A. Well—sugar isn’t everything. It won’t do to be too one-sided. We could not resist telling the public then that we had removed a heavy burden from its shoulders. We really hated to tax the foreigners so much.
Q. What can be argued about the terms Protection and Free Trade?
A. Argument is superfluous here. The very word Protection is an assumption that meets all our requirements. It forecloses argument and shuts off dispute. Who doesn’t wish to be “protected”? And how charming it sounds to say we are protected from burglars, from enemies and from the horrors of trade—that is, trade with a foreigner. It must be always understood that if you could stand near the Canada or Mexico boundary and make a good bargain on the other side—say, the purchase of a horse for fifty dollars less than you could purchase him in your own country—you would inflict upon yourself and your country just so much loss. But if you buy the horse here at a price higher by fifty dollars, or over a tariff, with the fifty dollars added, you enrich both yourself and your country. On this doctrine, which is our fundamental one, we must and can stake everything, and against it the frothy waves of Free Trade will beat in vain.

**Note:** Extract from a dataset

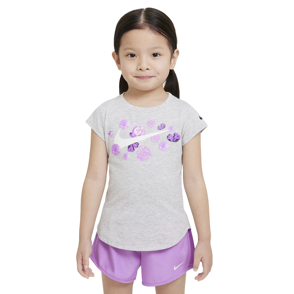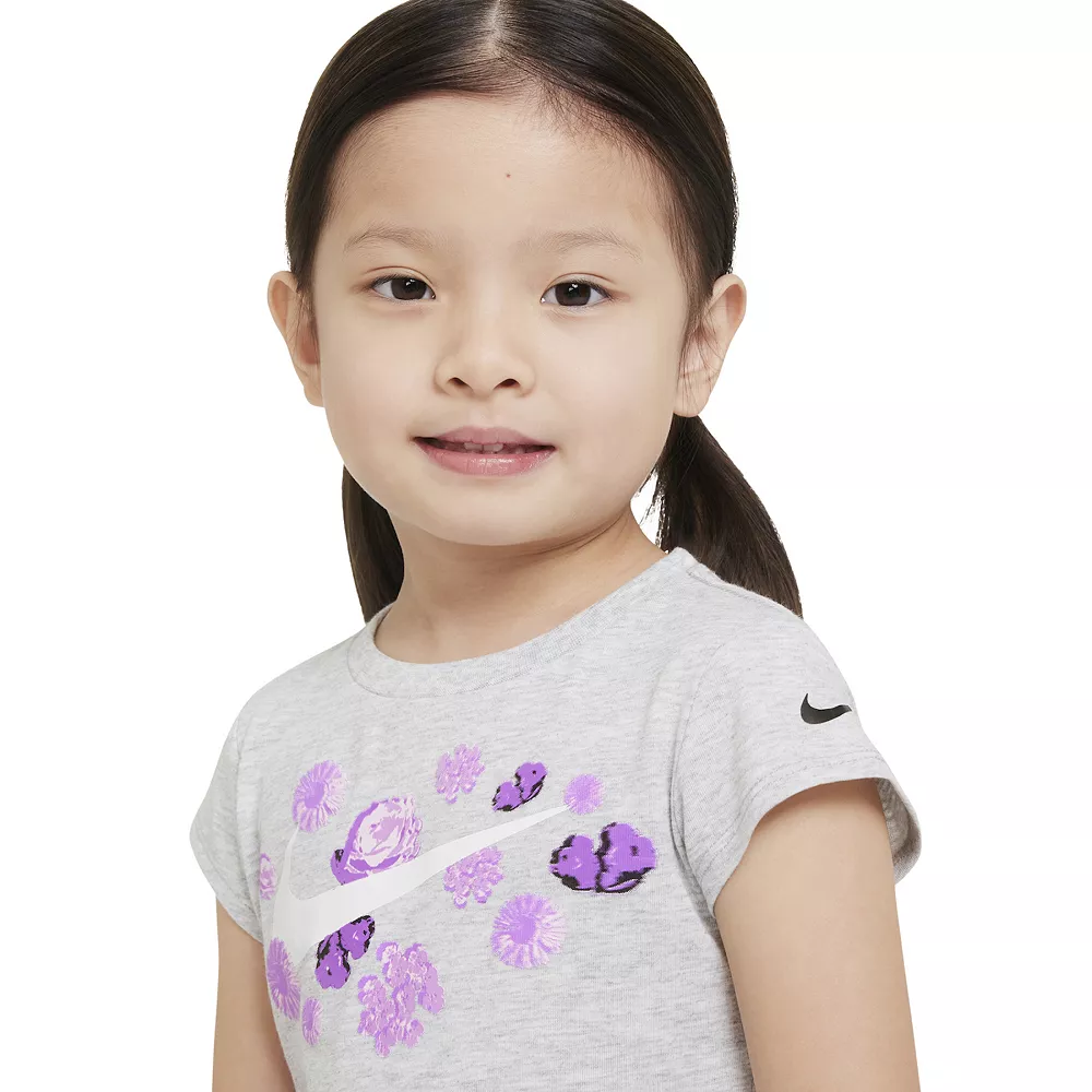 She’ll sport a winning look in this Toddler Girl Nike Floral Logo Tee.

Q. Why is not Free Trade also a felicitous term?
A. Things that are in themselves good, and that are made free and abundant, are, we must admit, generally to be approved. Abundant health or abundant friendship or abundant money we have not yet thought it wise to consider objectionable. But there are exceptions to all rules. Abundant trade—or Free Trade—which is trade done voluntarily by shrewd and sane men in order to procure abundant money, is different. To have it otherwise would upset our whole system of philosophy. What was this land of the free made for, if its main purpose were not to put shackles on trade? What we want is to eat our own cake and have it too; to sell everything we can to foreigners and buy nothing from them, and finally to get fat by stewing in our own juice.
The term Free Trade—to refer to the original question—is now so asphyxiated by us, by our contempt of it, that it suggests a Pandora’s box of horrors the moment we mention it. To speak of it in this contemptuous way is really one of our strong arguments. What we want is to scream it out as a horror, to make it a bugbear. It is like telling children of some dreadful bogy lying in wait for them in the dark, or like Dr. Johnson’s experiment with the fishwoman of Billingsgate, when he called her a hypothenuse, a triangle, a parallelopipedon, and several other mathematical things of which she had not the faintest knowledge and which she consequently supposed were very bad.
No, whatever else we do, let us stick to our insistent and persistent screech against Free Trade.